About this task |
Drop the pictures and repeat the remaining data exactly.

Source material |
********
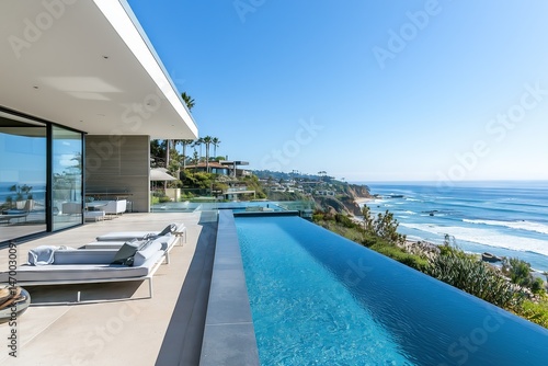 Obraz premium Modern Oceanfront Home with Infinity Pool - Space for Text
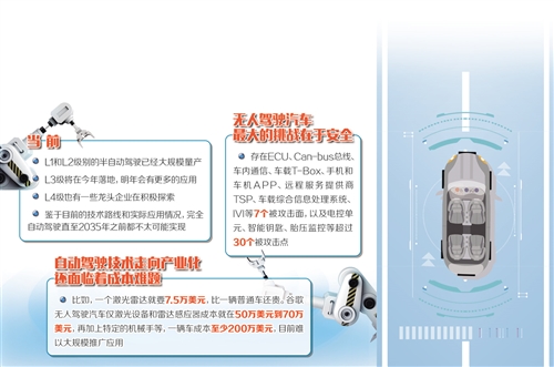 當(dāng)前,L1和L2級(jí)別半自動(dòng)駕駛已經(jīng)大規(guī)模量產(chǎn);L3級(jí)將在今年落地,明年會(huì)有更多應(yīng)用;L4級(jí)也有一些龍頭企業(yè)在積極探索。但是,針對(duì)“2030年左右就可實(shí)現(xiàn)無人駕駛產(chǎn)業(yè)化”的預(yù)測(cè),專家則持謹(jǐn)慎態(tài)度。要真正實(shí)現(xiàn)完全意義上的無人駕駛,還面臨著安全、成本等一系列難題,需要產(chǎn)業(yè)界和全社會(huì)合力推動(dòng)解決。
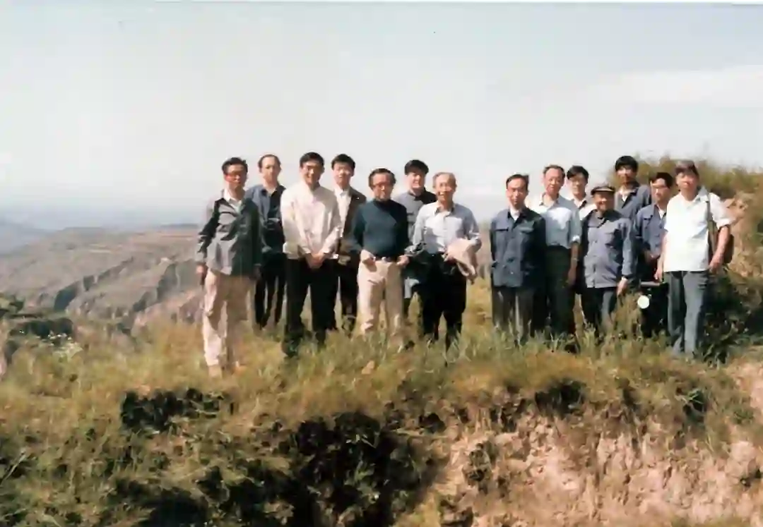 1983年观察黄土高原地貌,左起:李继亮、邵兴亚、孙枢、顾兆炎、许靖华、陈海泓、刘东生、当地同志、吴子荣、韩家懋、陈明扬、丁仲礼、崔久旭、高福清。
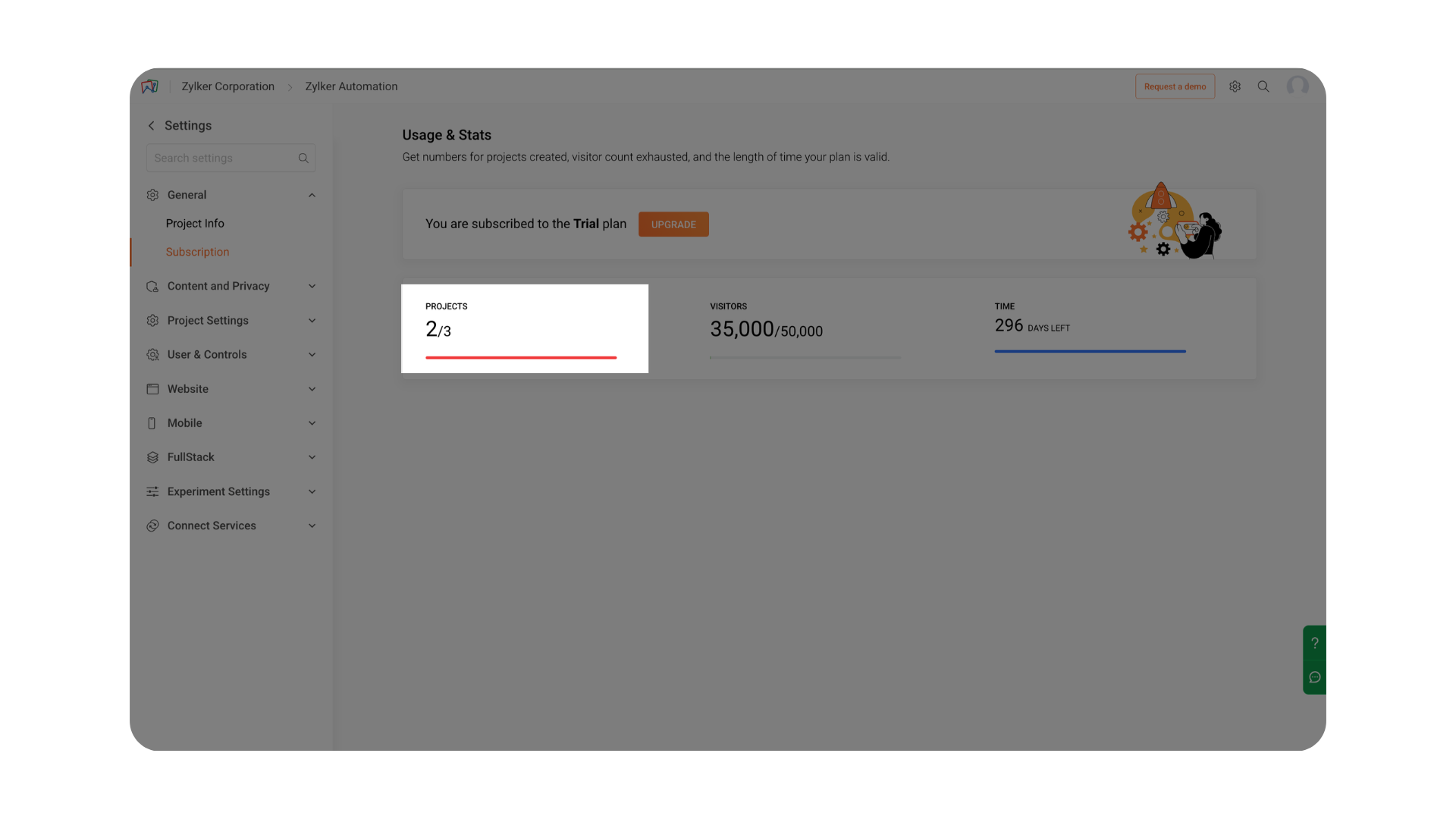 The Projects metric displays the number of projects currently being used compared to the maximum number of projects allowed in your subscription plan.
********
Output for this task |
 Obraz premium Modern Oceanfront Home with Infinity Pool - Space for Text
 當(dāng)前,L1和L2級(jí)別半自動(dòng)駕駛已經(jīng)大規(guī)模量產(chǎn);L3級(jí)將在今年落地,明年會(huì)有更多應(yīng)用;L4級(jí)也有一些龍頭企業(yè)在積極探索。但是,針對(duì)“2030年左右就可實(shí)現(xiàn)無人駕駛產(chǎn)業(yè)化”的預(yù)測(cè),專家則持謹(jǐn)慎態(tài)度。要真正實(shí)現(xiàn)完全意義上的無人駕駛,還面臨著安全、成本等一系列難題,需要產(chǎn)業(yè)界和全社會(huì)合力推動(dòng)解決。
 1983年观察黄土高原地貌,左起:李继亮、邵兴亚、孙枢、顾兆炎、许靖华、陈海泓、刘东生、当地同志、吴子荣、韩家懋、陈明扬、丁仲礼、崔久旭、高福清。
 The Projects metric displays the number of projects currently being used compared to the maximum number of projects allowed in your subscription plan.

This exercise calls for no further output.